Measuring Current with an Analog Voltage Input

Updated May 3, 2018

Issue Details

How do I measure current with an analog voltage input?

Solution

Current cannot be measured directly using an analog input. However, if a known resistance (shunt resistor) is placed in series with the load and the voltage across it is measured, the current through the load can be calculated using Ohm's Law.

Figure 1: Ohm's Law
 
The measurement accuracy for this configuration is highly dependent on the resistor accuracy. Any resistors are acceptable, as long as the maximum expected current multiplied by the resistance does not exceed the input range of your input device.

When measuring current in this fashion, the smallest value of shunt resistor compared to the load resistance should be used. This will create the smallest interference with the existing circuit.

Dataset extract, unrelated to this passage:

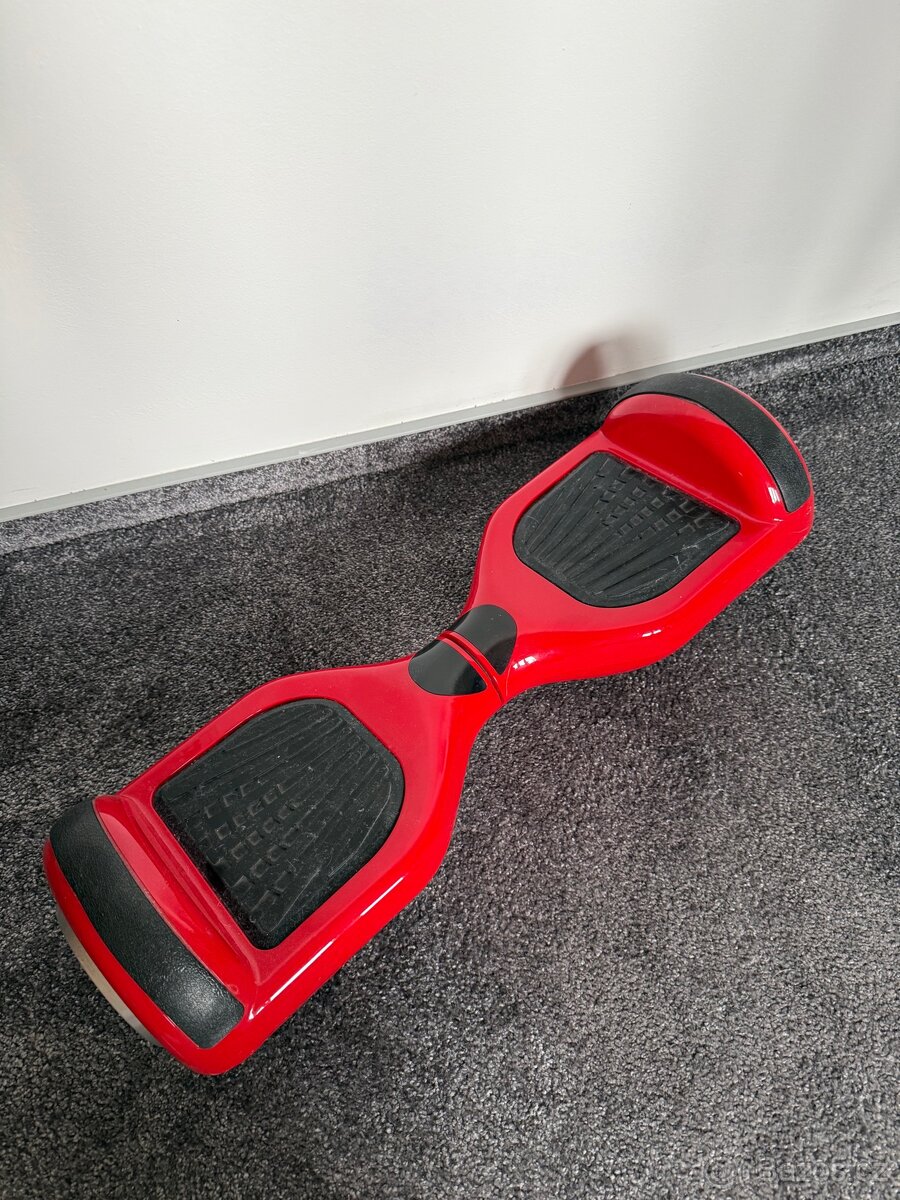 Červený hoverboard na nabíjení, bohužel k němu nemám nabíječku a je na nějakých místech poškrábaný(viz.fotky), ale na funkčnost to nemá žádný vliv.

However, smaller resistances create smaller voltage drops, so a compromise between resolution and circuit interference must be made.
 
Note: To avoid damaging the shunt resistor, make sure the current passing through it does not exceed the current specifications for the shunt resistor.

Figure 2: How to Connect a Shunt Resistor to a DAQ Board
 
Placement of the shunt resistor in the circuit is important. If the external circuit shares a common ground with the computer containing the analog input device, then the shunt resistor should be placed as close to the ground leg of the circuit as possible, as shown in figure three. 

Figure 3: Correct Usage of a Shunt Resistor

If not, the common mode voltage produced by the shunt resistor may be outside of the specification for the analog input device. This can lead to inaccurate readings or damage to the board, as shown in Figure 4.

Figure 4: Incorrect Usage of a Shunt Resistor

Additional Information

For such applications, National Instruments provides the SCXI Resistor Kit (a set of four precision resistors at 249 Ω with ±0.1% accuracy) for current measurement applications.